Si les trois fiches précédentes présentaient la culture de la
paix dans notre quotidien, celle-ci la présente sur le plan international.
Elle présente le rôle des agences, programmes et départements
des Nations Unies dans la prévention et la résolution pacifique
des conflits sur le plan international. Mais, il existe aussi
d’autres organisations internationales qui aident au maintien
de la paix dans le monde, telles que les organisations non-gouvernementales
(ONG) ou les organisations régionales.
Le préambule de la charte des Nations Unies stipule clairement
la mission de cette organisation[1]. Selon le préambule, les Nations
Unies ont été fondées afin d’assurer la prévention et la résolution
des conflits au niveau international et de favoriser l’enracinement
d’une culture de paix sur le plan mondial.
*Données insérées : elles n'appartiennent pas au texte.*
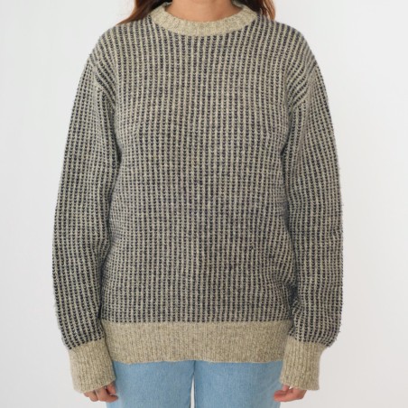 This grey knit sweater is a minimalist staple with elevated texture. The body features a dense, vertical contrast stitch pattern that creates a refined, woven-like look, while the solid ribbed neckline, cuffs, and hem add structure and a clean finish. With an easy, relaxed silhouette and long sleeves, it’s the kind of piece that looks polished with denim yet feels comfortably cozy for everyday wear.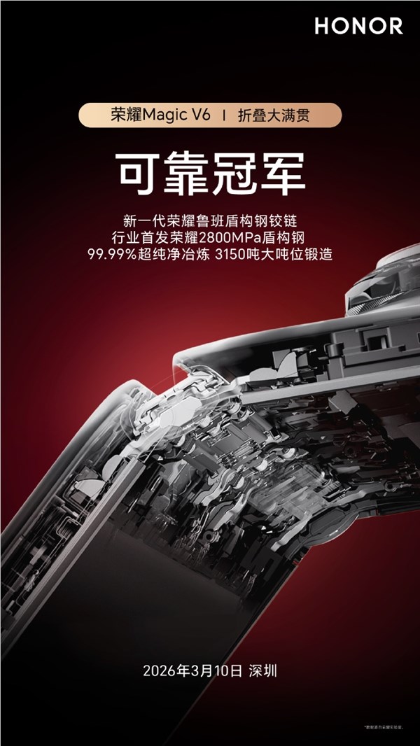 荣耀官方透露,荣耀Magic V6采用了全新一代的荣耀鲁班盾构钢铰链,这种铰链具备航空级的强度,更加耐折。据介绍,该铰链在行业内首次应用了荣耀2800MPa盾构钢,并采用了99.99%超纯净冶炼工艺,经过3150吨大吨位锻造,确保了其卓越的耐用性。
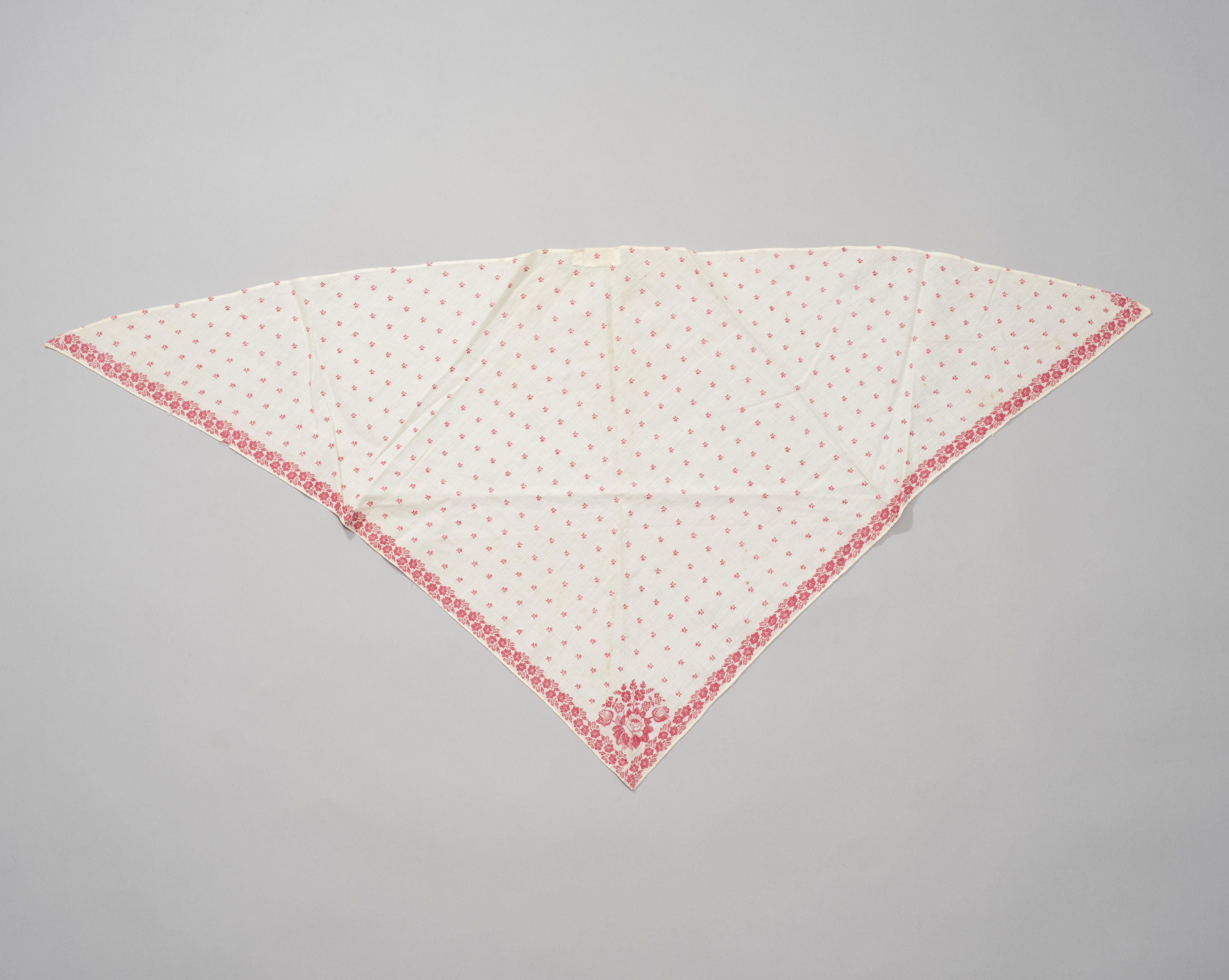 Driehoekige fichu van crèmekleurige katoenen batist met langs de korte zijden een ingeweven rand met rode bloemmotieven en een ingeweven strooimotief van kleine, rode bloemen. De fichu is afkomstig uit Friesland.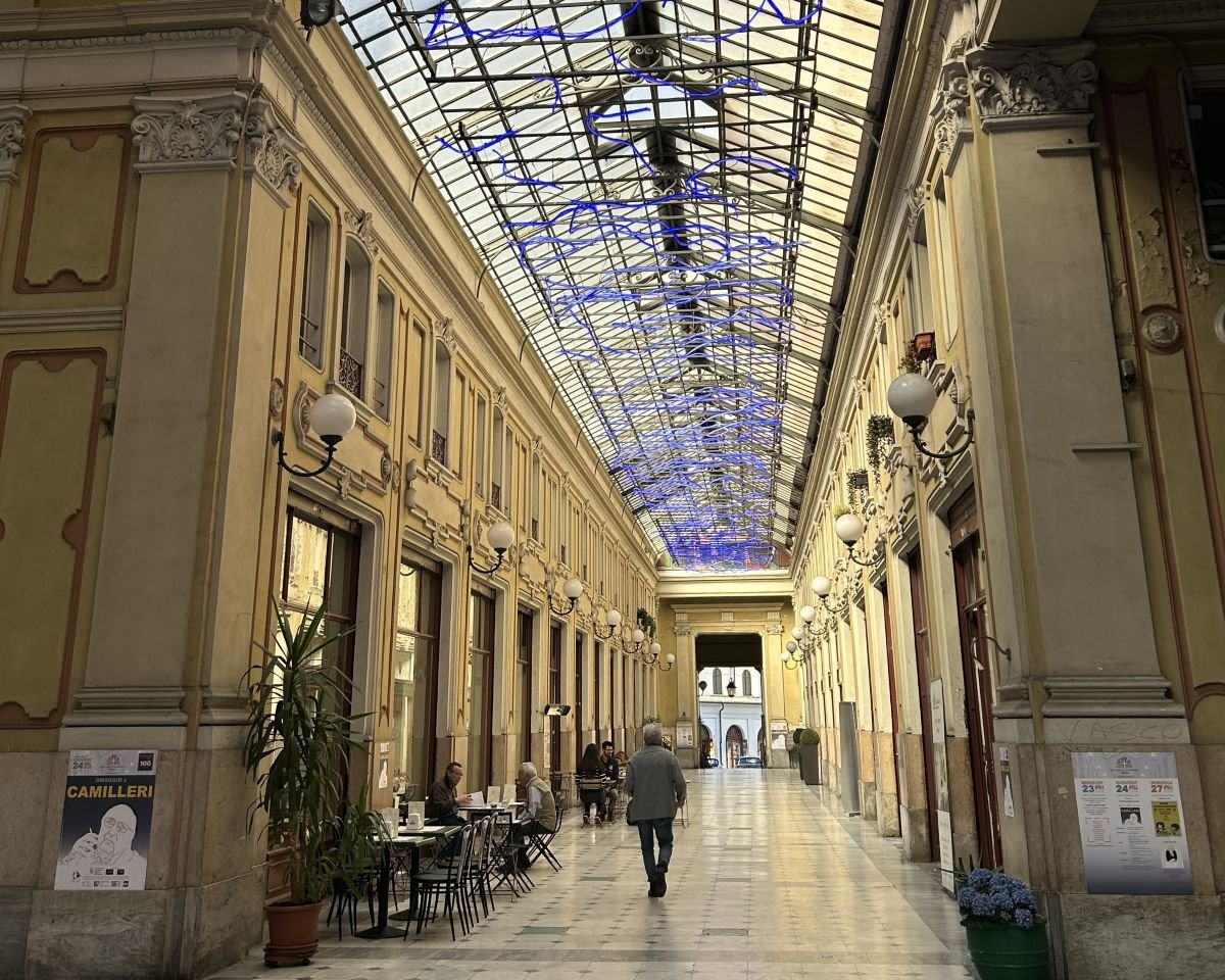 La Galleria è una delle sedi di “Luci d’Artista” dove troviamo l’opera del torinese Marco Gastini intitolata. “L’energia che unisce si espande nel blu” realizzata nel 1998.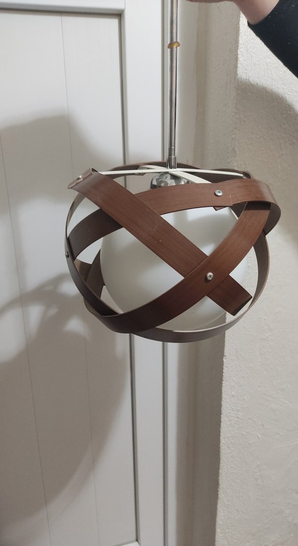 Ahşap bantların küresel bir tasarım oluşturduğu, metal çubukla asılan modern ve doğal görünümlü sarkıt lamba.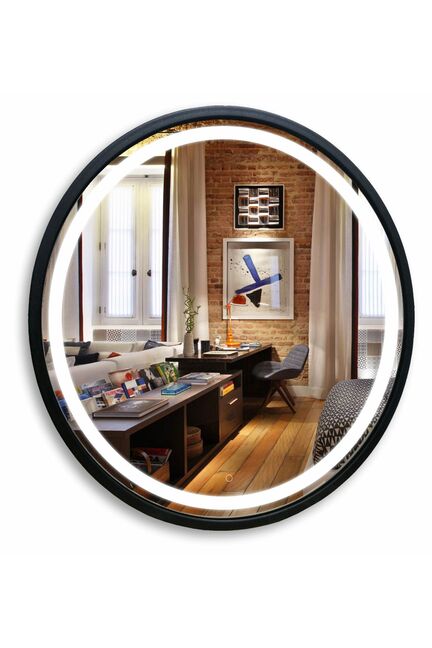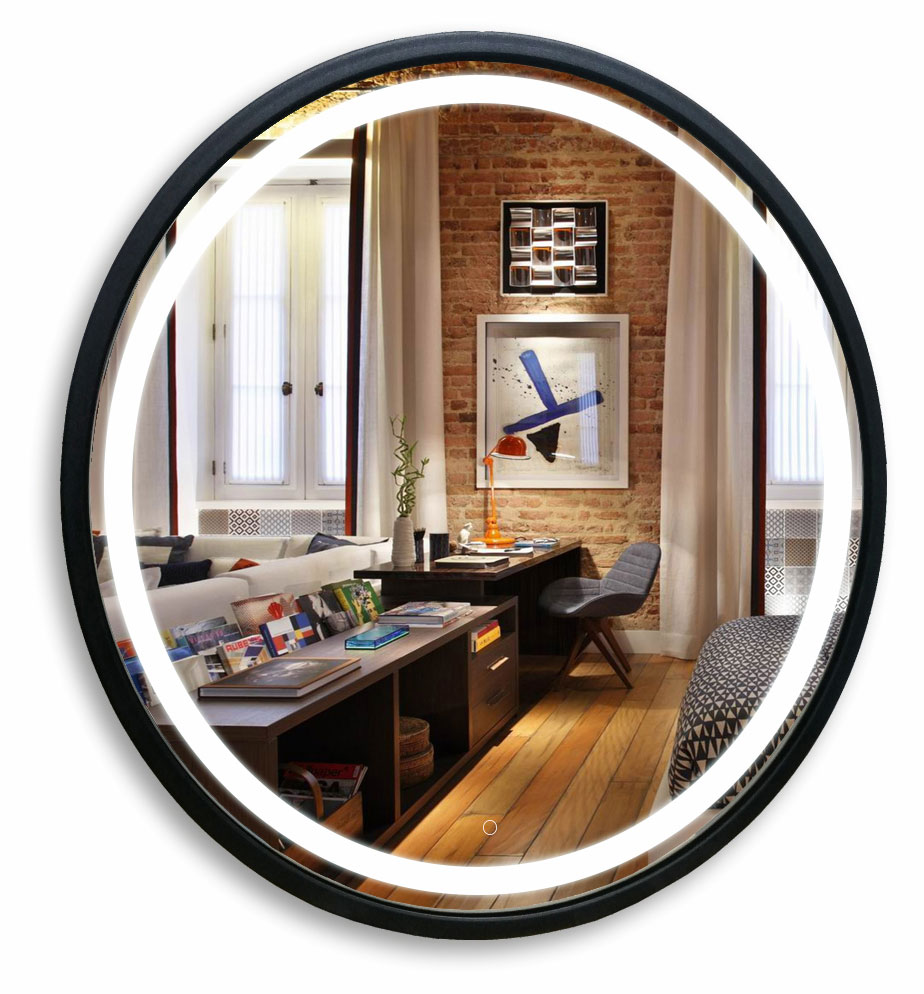 Гарантия: 2 года Материал рамы — пластик (цвет черный) Размер: 770 х 770 х 40 мм Крепление в комплекте Класс защиты — IP 44 Класс энергетической эффективности: А++ Подсветка — LED лента (цвет белый 6000К) Напряжение подключения — 220 Вт, 50Гц Влагостойкое, минимальные оптические искажения LED-подсветка выдерживает до 50 тыс. часов работы в непрерывном режиме Сенсорный выключатель С функцией плавного диммирования С запоминанием последнего значения Короткие касания светящейся области включают/выключают подсветку Длительное касание меняет яркость свечения AC/DC трансформатор Круглое LED-зеркало d770 мм с сенсорным включением и влагостойкой пластиковой рамой, подходит для ванной, легко монтируется и экономит электроэнергию.

Les différents organes,
agences, départements, et programmes de l’organisation onusienne
reflètent ces intentions.
[1] Disponible sur : http://www.un.org/french/aboutun/charte/
Les Nations Unies et la prévention
des conflits
À l’occasion du sommet du millénaire qui aura lieu en septembre
prochain, le Secrétaire Général des Nations Unies, Kofi Annan,
a publié un rapport intitulé : « ‘Nous les peuples’ Le rôle des
Nations Unies au XXIe siècle. »[1] Dans ce rapport, M. Annan souligne
l’importance de la prévention des conflits afin de vivre dans
un monde libéré de la peur.
Les conflits sont de toutes natures, ont des origines diverses
et des conséquences nombreuses. Les conflits peuvent être inter-étatiques
ou au contraire se produire au sein même d’un état. Les premiers
sont souvent le fait de revendications territoriales, de contrôle
d’une ressource naturelle telle que l’eau, le pétrole ou les diamants
(cf. Sierra Leone) et d’autres encore. Les conflits au sein d’un
même pays sont en général le fruit d’autres antagonismes. Ils
peuvent être ethniques, religieux, environnementaux, dû à l’analphabétisme
ou encore à des problèmes de répartition des ressources. En fait,
La pauvreté, la diminution des ressources naturelles et économiques
des États, la faiblesse des institutions politiques, l’épuisement
des ressources naturelles, les violations à la déclaration des
droits de l’Homme sont quelques-unes des causes de conflits internes.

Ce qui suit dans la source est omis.